WORKING DATA: Begin
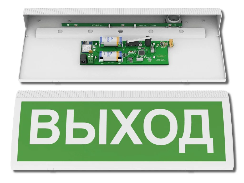Табло ВЫХОД Оповещатель световой/звуковой радиоканальный «Табло ВЫХОД», 433 МГц – радиоканальное исполнительное устройство, подключаемое к охранным приборам компании «Ритм».
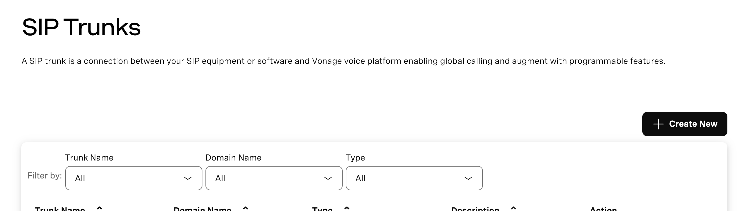 - Click Create New, you should automatically be taken to the page where you can configure your SIP trunk.
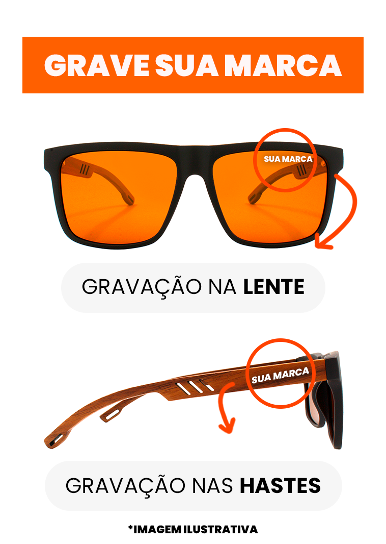A armação é feita de Acetato e Madeira, e é protegida contra a corrosão.
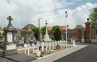 Direct aan de ingang ligt een perk met 20 Franse militaire en burgerslachtoffers uit de beide wereldoorlogen.
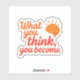 Sigan inspirados todos los días con este colorido pegatina de "Lo que piensan, se convierten". Con letras atrevidas y un ilustracion cerebral creativo, este diseño es perfecto para laptops, botellas de agua, revistas, planificadores y más. Un gran recordatorio para mantener tu mentalidad positiva y centrada.
WORKING DATA: End
- **TASK TO CARRY OUT**
Exact copy, no pictures: reproduce every record as it stands.

- **ANSWER FOR THIS EXERCISE**
Табло ВЫХОД Оповещатель световой/звуковой радиоканальный «Табло ВЫХОД», 433 МГц – радиоканальное исполнительное устройство, подключаемое к охранным приборам компании «Ритм».
 - Click Create New, you should automatically be taken to the page where you can configure your SIP trunk.
A armação é feita de Acetato e Madeira, e é protegida contra a corrosão.
 Direct aan de ingang ligt een perk met 20 Franse militaire en burgerslachtoffers uit de beide wereldoorlogen.
 Sigan inspirados todos los días con este colorido pegatina de "Lo que piensan, se convierten". Con letras atrevidas y un ilustracion cerebral creativo, este diseño es perfecto para laptops, botellas de agua, revistas, planificadores y más. Un gran recordatorio para mantener tu mentalidad positiva y centrada.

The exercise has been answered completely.